### [What you will do]
Once you find the line below that has "Personalise sparkly ping", output it and every line after it exactly, stopping after the line that has "Накройте емкости крышками", with no pictures.

### [Record excerpts]
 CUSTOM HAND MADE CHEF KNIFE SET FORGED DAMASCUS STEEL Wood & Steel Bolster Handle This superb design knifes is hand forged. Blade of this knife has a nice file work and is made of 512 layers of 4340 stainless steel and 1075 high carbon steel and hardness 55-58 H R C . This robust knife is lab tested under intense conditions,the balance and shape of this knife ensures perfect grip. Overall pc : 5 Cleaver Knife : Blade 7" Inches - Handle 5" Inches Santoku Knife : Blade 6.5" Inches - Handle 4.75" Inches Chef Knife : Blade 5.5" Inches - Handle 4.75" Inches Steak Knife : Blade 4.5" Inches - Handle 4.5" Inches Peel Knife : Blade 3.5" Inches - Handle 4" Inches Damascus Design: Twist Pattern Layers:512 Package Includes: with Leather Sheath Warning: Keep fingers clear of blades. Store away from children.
---
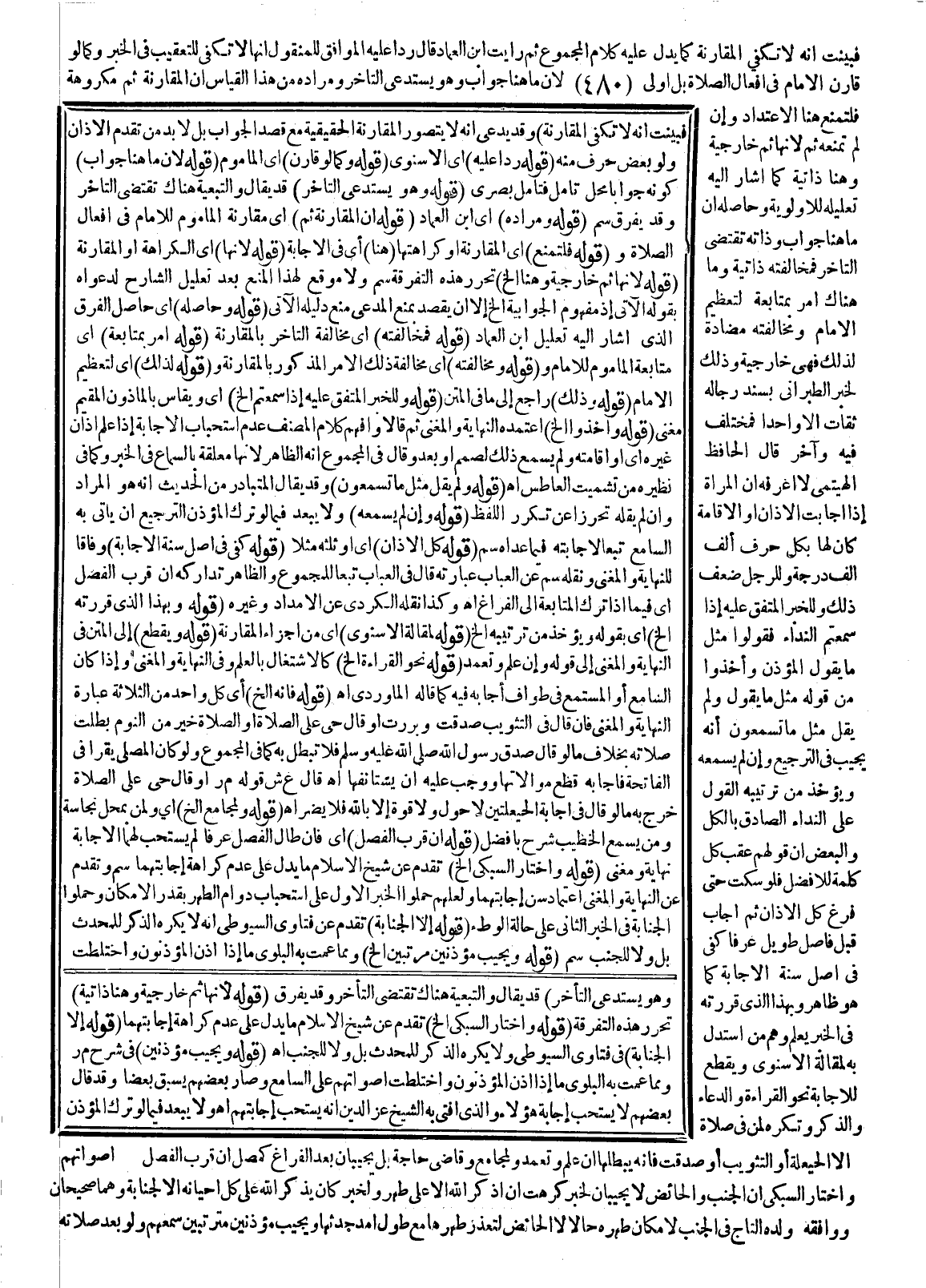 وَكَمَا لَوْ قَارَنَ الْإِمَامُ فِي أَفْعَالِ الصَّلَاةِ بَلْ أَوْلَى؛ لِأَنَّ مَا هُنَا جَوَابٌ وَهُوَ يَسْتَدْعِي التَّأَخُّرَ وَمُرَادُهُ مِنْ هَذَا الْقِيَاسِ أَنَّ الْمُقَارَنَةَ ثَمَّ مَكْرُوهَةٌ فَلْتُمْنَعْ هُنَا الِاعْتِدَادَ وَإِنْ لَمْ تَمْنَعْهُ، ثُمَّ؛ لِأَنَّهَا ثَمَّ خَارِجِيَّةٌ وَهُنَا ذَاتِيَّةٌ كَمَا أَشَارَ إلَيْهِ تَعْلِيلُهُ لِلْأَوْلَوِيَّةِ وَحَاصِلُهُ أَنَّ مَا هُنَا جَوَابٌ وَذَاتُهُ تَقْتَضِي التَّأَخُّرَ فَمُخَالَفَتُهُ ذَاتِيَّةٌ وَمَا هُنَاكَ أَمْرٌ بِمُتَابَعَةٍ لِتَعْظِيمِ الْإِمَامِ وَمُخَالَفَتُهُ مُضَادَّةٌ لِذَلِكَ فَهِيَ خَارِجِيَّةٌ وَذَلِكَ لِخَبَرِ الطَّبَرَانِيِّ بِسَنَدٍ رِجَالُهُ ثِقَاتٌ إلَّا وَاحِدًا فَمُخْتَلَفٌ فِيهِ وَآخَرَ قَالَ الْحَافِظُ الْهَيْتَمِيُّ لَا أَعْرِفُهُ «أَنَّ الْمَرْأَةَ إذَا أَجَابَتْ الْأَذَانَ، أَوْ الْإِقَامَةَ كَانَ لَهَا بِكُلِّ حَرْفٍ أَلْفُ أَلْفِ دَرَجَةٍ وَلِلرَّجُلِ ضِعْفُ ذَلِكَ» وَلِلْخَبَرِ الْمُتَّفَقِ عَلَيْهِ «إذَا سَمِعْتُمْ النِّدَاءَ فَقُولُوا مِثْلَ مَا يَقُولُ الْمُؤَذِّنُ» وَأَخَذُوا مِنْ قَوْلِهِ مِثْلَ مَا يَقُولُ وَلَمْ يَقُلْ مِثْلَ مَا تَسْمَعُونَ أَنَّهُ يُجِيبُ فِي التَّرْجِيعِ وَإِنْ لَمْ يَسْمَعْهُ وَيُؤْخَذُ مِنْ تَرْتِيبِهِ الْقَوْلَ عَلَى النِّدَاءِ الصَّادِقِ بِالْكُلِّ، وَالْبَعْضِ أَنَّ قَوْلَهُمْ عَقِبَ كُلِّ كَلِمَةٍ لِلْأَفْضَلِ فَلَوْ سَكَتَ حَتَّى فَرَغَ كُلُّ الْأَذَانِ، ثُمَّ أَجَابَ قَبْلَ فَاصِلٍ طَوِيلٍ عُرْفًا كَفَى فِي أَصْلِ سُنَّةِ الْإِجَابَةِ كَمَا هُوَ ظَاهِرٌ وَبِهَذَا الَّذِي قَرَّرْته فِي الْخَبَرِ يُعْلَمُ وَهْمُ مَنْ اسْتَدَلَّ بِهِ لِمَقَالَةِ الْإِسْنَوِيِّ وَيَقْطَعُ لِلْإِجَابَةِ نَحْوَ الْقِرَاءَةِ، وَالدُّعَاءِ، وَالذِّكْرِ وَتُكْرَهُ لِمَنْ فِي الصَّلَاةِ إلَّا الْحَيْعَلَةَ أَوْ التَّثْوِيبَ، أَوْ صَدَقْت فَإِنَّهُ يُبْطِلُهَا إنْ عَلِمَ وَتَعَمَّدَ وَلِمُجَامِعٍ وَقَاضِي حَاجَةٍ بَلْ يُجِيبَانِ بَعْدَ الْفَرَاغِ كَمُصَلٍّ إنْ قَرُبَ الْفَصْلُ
* * *
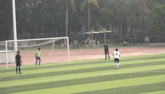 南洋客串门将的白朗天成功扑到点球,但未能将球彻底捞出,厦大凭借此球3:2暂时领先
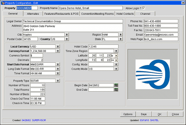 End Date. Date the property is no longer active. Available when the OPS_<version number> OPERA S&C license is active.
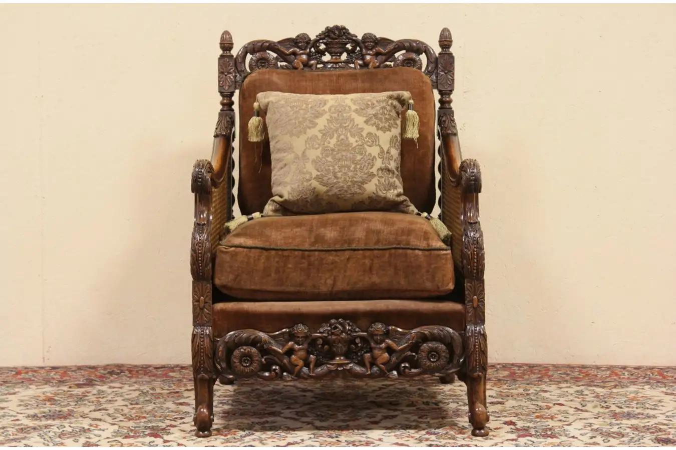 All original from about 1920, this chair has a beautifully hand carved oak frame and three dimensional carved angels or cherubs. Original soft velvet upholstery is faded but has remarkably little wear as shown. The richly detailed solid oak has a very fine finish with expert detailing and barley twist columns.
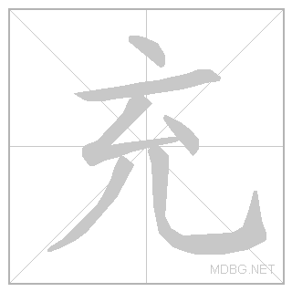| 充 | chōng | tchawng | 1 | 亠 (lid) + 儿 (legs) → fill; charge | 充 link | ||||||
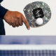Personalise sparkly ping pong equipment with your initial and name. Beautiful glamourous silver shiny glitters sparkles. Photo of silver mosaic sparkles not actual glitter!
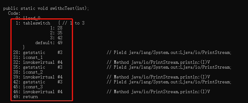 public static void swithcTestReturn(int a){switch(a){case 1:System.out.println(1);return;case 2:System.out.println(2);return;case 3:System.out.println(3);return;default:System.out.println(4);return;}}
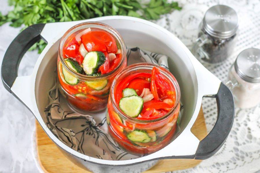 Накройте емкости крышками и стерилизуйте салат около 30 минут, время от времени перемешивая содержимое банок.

### [Output for this task]
Personalise sparkly ping pong equipment with your initial and name. Beautiful glamourous silver shiny glitters sparkles. Photo of silver mosaic sparkles not actual glitter!
 public static void swithcTestReturn(int a){switch(a){case 1:System.out.println(1);return;case 2:System.out.println(2);return;case 3:System.out.println(3);return;default:System.out.println(4);return;}}
 Накройте емкости крышками и стерилизуйте салат около 30 минут, время от времени перемешивая содержимое банок.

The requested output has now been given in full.